Step 1: Initialise a MySQL database to store data from Wikipedia
The Wikipedia content that we will download needs to be stored in a relational database. MySQL is the main back-end database management system for Wikipedia and is then a natural choice to store the content from the site. The database will seize, depending of the versions, few gigabytes of disk space. It is then necessary to make sure that the there is enough storage available in MySQL data directory (you can refer to this answer to change your MySQL data directory). Assuming now that MySQL is already installed and running on our machine we can create a database called wikipedia
from the shell with
echo "CREATE DATABASE wikipedia" | mysql -u username -p
and then run this script (Jarosciak 2013) to initialise the different tables with
mysql -u username -p wikipedia < initialise_wikipedia_database.sql
This will create an empty database populated by all the tables required to store a Wikipedia site (or more precisely all the tables required by MediaWiki the open source software powering all the sites of the Wikimedia galaxy). For a description of the tables see here and for the diagram of the database schema here. Once the database is set-up we can proceed to download and import the data.
Step 2: Dowload Wikipedia’s data dumps
Wikimedia, the not-for-profit foundation running Wikipedia, conveniently provide the the data dumps of the different language versions of Wikipedia at dumps.wikimedia.org/backup-index.html. Since the data dumps can reach considerably sizes, the repository provides different data packages.

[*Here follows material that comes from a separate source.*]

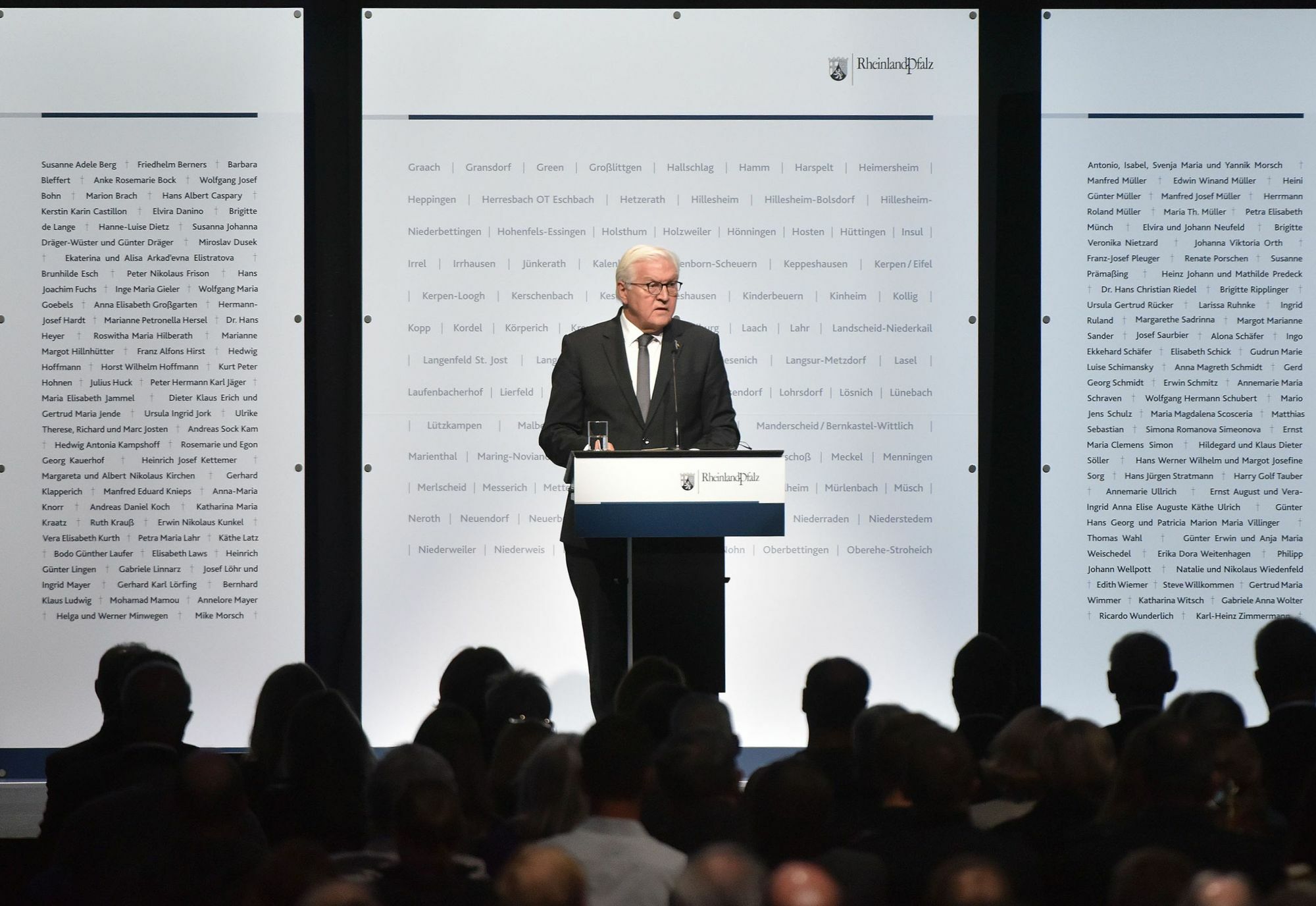 Mehrere Meter hoch hatten sich in der Ringarena am Nürburgring in den Tagen nach der Flutkatastrophe die Spenden der Bevölkerung gestapelt und so die große Hilfsbereitschaft dokumentiert. In dieser Halle kamen am Mittwoch Bundespräsident Frank-Walter Steinmeier, Ministerpräsidentin Malu Dreyer, Vertreter von Hilfsorganisationen, die im Ahrtal von Beginn an helfen, aber auch Betroffene und Hinterbliebene zum Staatsakt zusammen, um den 134 Verstorbenen der Flutkatastrophe zu gedenken. Auf fünf großen Tafeln waren im Hintergrund der Bühne alle betroffenen Orte sowie die Namen aller Opfer aufgeführt. »Ich habe enormen Respekt davor, dass Sie trotz Ihrer Verzweiflung nicht aufgegeben haben. Dass Sie trotzdem anpacken, nach vorne blicken, so unendlich schwer es auch oft fallen mag«, sagte der Bundespräsident: »Ich bin gekommen, um Ihnen zu sagen: Wir stehen an Ihrer Seite. Wir wissen, dass in Ihrem Leben nichts mehr ist, wie es war. Aber Sie sollen heute wissen: Auf Ihrem Weg zurück ins Leben lässt Ihr Land Sie nicht allein.« »Ich weiß, dass die größte Sorge vor Ort jetzt ist, vergessen zu werden, wenn sich die Kameras wieder auf andere Ereignisse richten. Dass viel versprochen wird, aber am Ende alles mühsam erstritten werden muss. Den Betroffenen in den Hochwassergebieten sage ich: Niemand wird vergessen!«, versprach die Ministerpräsidentin. Am Wochenende habe sie sich mit den Eltern der jungen Feuerwehrwehrfrau aus der VG Adenau getroffen, die im Einsatz ihr Leben ließ: »Mit ihnen zu sprechen, zerreißt einem das Herz.« Neben allen Helfern dankte Dreyer auch den Mitarbeitenden in den Verwaltungen, den Bürgermeistern und Landräten und der Landrätin in den betroffenen Regionen. Cornelia Weigand, Bürgermeisterin der schwer getroffenen VG Altenahr, beschrieb die Ahr als "früher unsere launige Weggefährtin, die jetzt mit all ihren Zuläufen zu einem Monster, einem brutalen Ungeheuer wurde". Sie bedankte sich »bei denen, die nicht lange gefragt, sondern angepackt haben – jeden Tag neu«. Ebenso neu müsse das Leben an Flüssen gedacht werden. An die Politik appellierte sie, möglichst schnell Perspektiven und Planungen aufzuzeigen. »Wie sollen die Menschen den Wiederaufbau planen ohne zuverlässige Richtschnur?«, fragte sie. Sie wünsche sich Geschwindigkeit eine bundesweite Koordination, damit die betroffenen Regionen beim Aufbau nicht um die besten Köpfe konkurrieren. »Wir brauchen jetzt und in Zukunft Mut, weil sich schnelle Entscheidungen später auch als falsch herausstellen können«, so die Bürgermeisterin. In seinem Beitrag berichtete Thomas Pütz, der den Helfershuttle im Ahrtal organisiert, von der Solidarität, von der die Helfer erzählen: »Man sagt: Wenn du das Vertrauen in die Menschen verloren hast, geh ins Ahrtal, dort wirst du eines Besseren belehrt.« Sein Lieblingszitat, das den Zusammenhalt im Ahrtal zeige, sei: "Alle elf Minuten verliebt sich ein Helfer ins Ahrtal." Eindringlich appellierte er: »Jetzt ist es Aufgabe der Politik, der Behörden und Krisenmanagements, diese Solidarität, diesen Mut zu schützen und diesen Funken am Leben zu halten.« Die Menschen erwarten, dass man die besten Ingenieure und Köpfe zusammenhole. Besonders berührend war die Schilderung von Wilfried Laufer, der mit seinem Vater Bodo Laufer in Altenahr das »Weineck« betrieb. Bodo Laufer starb in den Fluten der Ahr. Am Abend des Katastrophentags wollten sie gemeinsam Essen gehen. Die Feuerwehr habe per Lautsprecher gewarnt, die Häuser vor Hochwasser zu sichern. »Das habe ich längst gemacht, dann können wir gleich los«, habe sein Vater gesagt. Zuvor fuhr Wilfried Laufer noch einmal heim. Doch als er zurück wollte, war der Weg zu seinem Vater nach Altenahr eine Schlammlawine versperrt. Das berichtete er seinem Vater am Telefon. »Ok, dann sehen wir uns morgen«, waren daraufhin die Worte seines Vaters - die letzten, die er je von ihm hörte. »Drei Tage später hat man ihn 25 Kilometer Ahr abwärts gefunden.«

Here I will use data dumps of the Italian version of Wikipedia (to download the English version simply replace it
with en
) as of February 3, 2016 (20160203
).
In order to build our concept map we will start by downloading the corpus of all the pages of the Italian version of Wikipedia which are contained in the file itwiki-20160203-pages-articles.xml
. Once imported in the wikipedia
database the XML file will fill three tables: the text
table, where the body of the articles is actually contained, the page
table with the metadata for all pages and the revision
table that allows to associate each text to a page through the SQL relations revision.rev_text_id=text.old_id
and revision.rev_page=page.page_id
. Additionally we will need to download two other data dumps: itwiki-20160203-pagelinks.sql
and itwiki-20160203-categorylinks.sql
, which will fill respectively the pagelinks
table and the categorylinks
table. The pagelinks
table details all internal links connecting different pages, which we will use this information to estimate the network relevance of each page), and the categorylink
table describes the categories which each page belongs to.

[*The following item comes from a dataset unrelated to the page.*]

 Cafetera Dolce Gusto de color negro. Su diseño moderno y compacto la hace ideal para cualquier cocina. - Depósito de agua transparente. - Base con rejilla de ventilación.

Step 3: Import data dumps into the MySQL database
The three data dumps that we downloaded are in two different formats: SQL and XML. The SQL files are ready to be imported into the database with the following commands
mysql -u username -p wikipedia < itwiki-20160203-pagelinks.sql
mysql -u username -p wikipedia < itwiki-20160203-categorylinks.sql
The XML file we instead require some preprocessing. There are different tools that can assist you in importing a Wikipedia XML data dumps into a relational database. For convenience we use MWDumper. The following command will pipe the content of the XML file directly into the wikipedia
database:
java -jar mwdumper.jar --format=sql:1.5 itwiki-20160203-pages-articles.xml | mysql -u username -p wikipedia
MWDumper can also automatically take care of compressed dump files (such as itwiki-20160203-pages-articles.xml.bz2
). The process of importing the XML data dump can take few hours. It is then advisable if launched on a remote machine to use a virtual console such as tmux to avoid problems if the connection with the remote machine is interrupted.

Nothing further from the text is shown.